That's exactly how I finally got an intuition for Fourier and all the other Fourier-related transforms, through Linear Algebra, that a Fouriertransform is simply a change of basis via the inner product. So nice there's now a video which uses the inner product to explain and visualize Fourier transforms in a very accessible way, great to get an intuition for it
I've been trying to spread the gospel, but the sum of angles formula is in my opinion one of the WORST ways to prove the Harmonic Addition Theorem! I've come up with what I think is a very elegant way.

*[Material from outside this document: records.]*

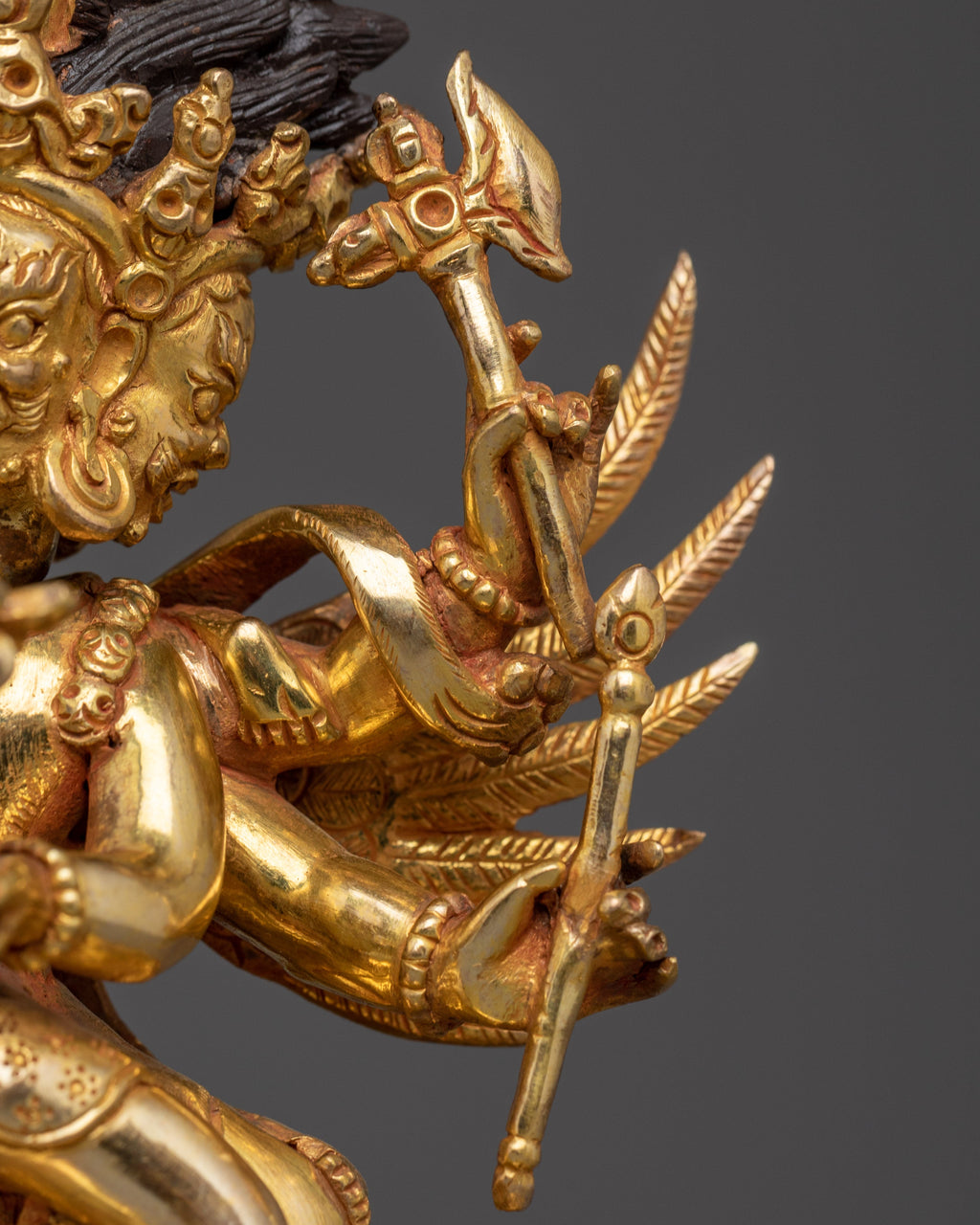Hayagrīva is the wrathful form of Avalokiteshvara, embodying fierce compassion that destroys delusion and overcomes internal and external obstacles. His wrathful appearance symbolizes the intense, active energy needed to eliminate ignorance and negative forces. A distinctive iconographic feature of Hayagrīva is the horse head that emerges from the top of his crown. This horse head represents the mighty, penetrating roar of Dharma—the enlightened speech that dispels illusion and ignorance. The neigh or scream of the horse is symbolic of the transformative, liberating sound of Dharma, capable of reaching all beings and cutting through delusion. In his right hand, Hayagrīva holds a lasso (pāśa), used to bind and subdue harmful forces and negative emotions, drawing them under control and transforming them into wisdom. In his Lower right hand, he holds a sword, which signifies the cutting of ignorance, delusion, and obstacles. The sword is a classic symbol in Buddhist iconography, representing wisdom that cuts through confusion and negativity. These implements reinforce Hayagrīva's role as the eliminator of delusion and protector against harmful influences.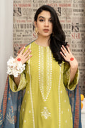 URGE-3PC DHANAK EMBROIDERED SHIRT WITH COUTRAI WOOL PRINT SHAWL AND EMB TROUSER-DPC-4013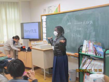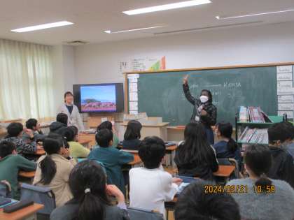 イングリッシュウィークとしてケニア人のALTが毎日来ています。そして、各学級で授業を行っています。ケニアの自然や生活についてなど、外国の文化についても触れています。子どもたちは興味深く話を聞いています。

Consider the vectors and . Then, one one hand their dot product is a*sin theta + b*cos theta, but on the other hand, it is the product of their magnitudes times the cosine of the angle of between them, which is sqrt(a^2+b^2)cos(theta-arctan(a/b)) = sqrt(a^2+b^2)sin(theta+arctan(b/a)), which is what we were looking for!
this is indeed a lot nicer! i thought the sum-of-angles derivation was pretty clunky, but didn't put in the time to figure out a better one, since that's the one that was cited most places i could find info on the harmonic addition theorem. wolfram alpha oughta switch to explaining it this way instead...
This kinda depends on what sort of thing you take for granted. Like, for this you take for granted that that second identity holds, which may not be obvious to everybody
We did it because we had to take out the max of ( a cos x + bsin x ) taking a and b as sides of a right angled triangle and writing everything in terms of hypotenuse and sin p, cos p. Getting h sin (p+x).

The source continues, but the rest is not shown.